Disclaimer: This recipe Chilean-style sparerib is part of a sponsored collaboration with the National Pork Board. All opinions are 100% mine.
Summer is here with long days and laid-back afternoons… and you feel like BBQing. Thanks to the weather in Houston, we use our grill all year round, but during the Summer, it’s a great option for recipes that traditionally are roasted in the oven, like these pork spare ribs. Using the oven in Houston during the Summer is a crime. The house gets warm, and the air conditioning doesn’t stop running. But since the craving for spare ribs is stronger than anything, we make them on the grill!

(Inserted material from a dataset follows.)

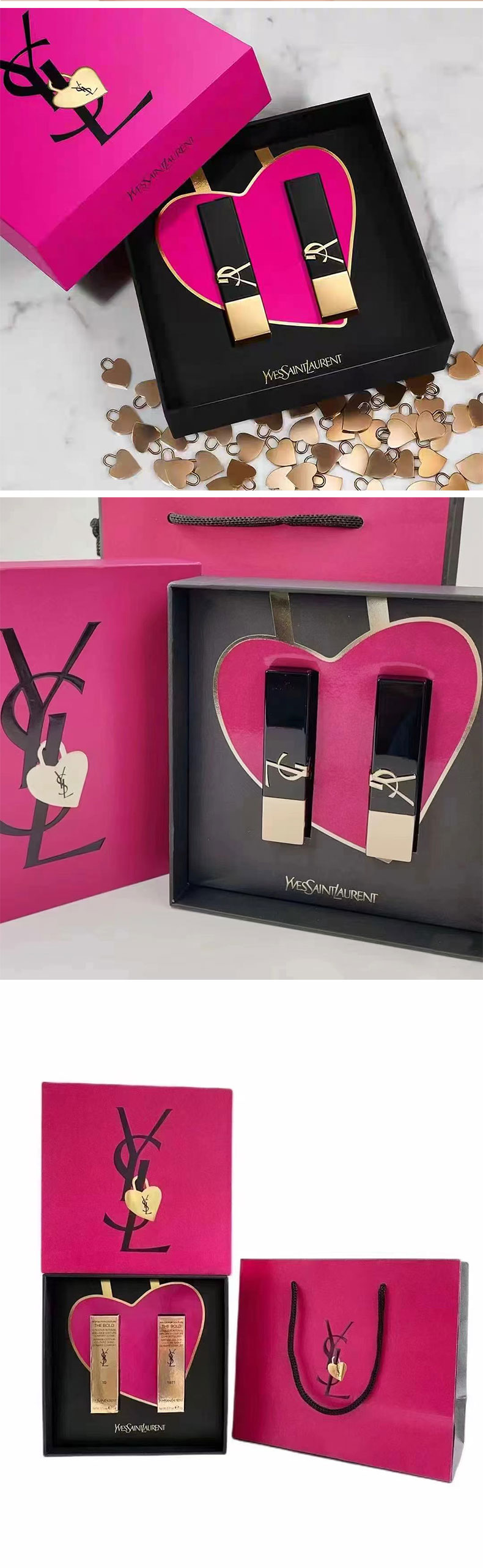 【送礼袋】YSL圣罗兰浮雕黑金方管口红3g*2支正装两件套礼盒 (#10+#1971) 香港直邮
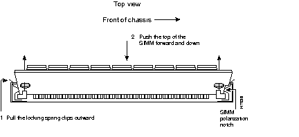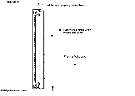 Step 3 Remove one SIMM at a time, beginning with the SIMM in bank 3. To lift the SIMM out of its socket, pull the locking spring clips on both sides outward and tilt the SIMM toward the right side of the chassis, free of the clips. (See Figure A-5.)

Chilean barbeques always include pork: in pork chops, skewers, pulp, and spare ribs. As you know, I really like pork: it’s juicy and convenient. And it’s so versatile; they are so many ways to make pork! Back to the Chilean-style spareribs… remember that this recipe requires marinating the meat for at least 2 hours, so you need to plan. This is a perfect recipe for the Summer because you don’t need to tend to the meat continuously. It’s a cut that allows you to relax while being cooked. Turn up the flavor! Remember that pork allows experimenting with marinades and being creative. This version with Chilean seasoning might be just what you were looking for.
In Chile, spare ribs are traditionally accompanied by spicy mashed potatoes, particularly during Winter; we eat them with salads during the summer.
Visit our collection of Chilean recipes here.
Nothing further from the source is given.